Question

on interval 0 ≤ x < 2π, where are the x - intercepts of y = cos(2x)?
□ $\frac{pi}{2}$ and $\frac{3pi}{2}$
□ 0, π, and 2π
□ $\frac{pi}{2}$, π and $\frac{3pi}{2}$
□ $\frac{pi}{4}$, $\frac{3pi}{4}$, $\frac{5pi}{4}$ and $\frac{7pi}{4}$

Explanation:

Step1: Set y = 0

Set $\cos(2x)=0$.

Step2: Use cosine - zero property

We know that $\cos\theta = 0$ when $\theta=(2n + 1)\frac{\pi}{2}$, where $n$ is an integer.

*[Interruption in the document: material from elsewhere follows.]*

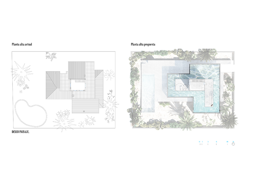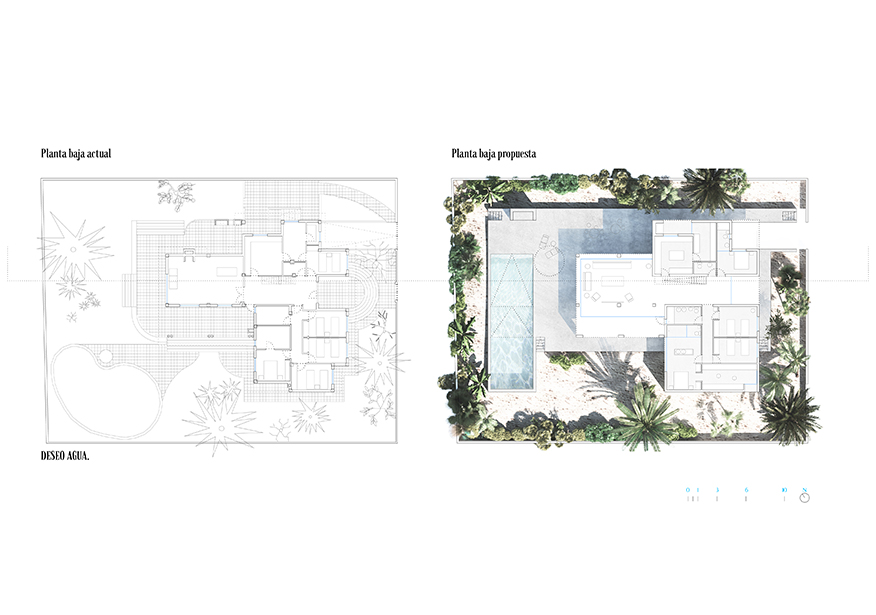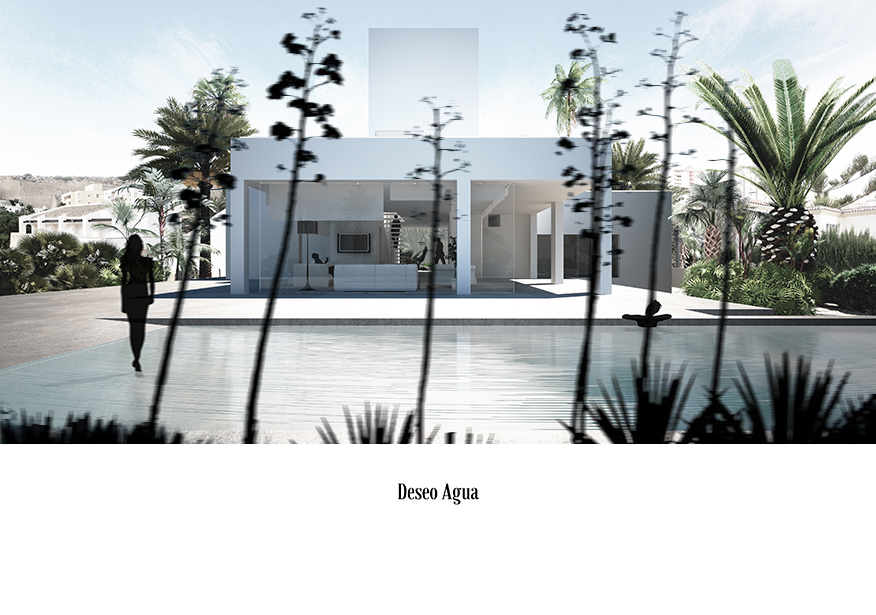 ¡Agua!. Para cumplir este deseo se suprimirán todos los caminos y la piscina existente. Se plantea una nueva plataforma elevada al nivel de la casa, quedando la nueva piscina en contacto con el interior y participando mucho más de los espacios comunes y las vistas. Se disponen unos nuevos accesos integrados en la nueva plataforma. El jardín se tratará como un único elemento, de forma que sea continuo en torno a la casa y así se perciba desde su interior

So, $2x=(2n + 1)\frac{\pi}{2}$.

Step3: Solve for x

$x=(2n + 1)\frac{\pi}{4}$.

Step4: Find values of n for the given interval

For $0\leq x<2\pi$, when $n = 0$, $x=\frac{\pi}{4}$; when $n = 1$, $x=\frac{3\pi}{4}$; when $n = 2$, $x=\frac{5\pi}{4}$; when $n = 3$, $x=\frac{7\pi}{4}$.

Answer:

$\frac{\pi}{4},\frac{3\pi}{4},\frac{5\pi}{4},\frac{7\pi}{4}$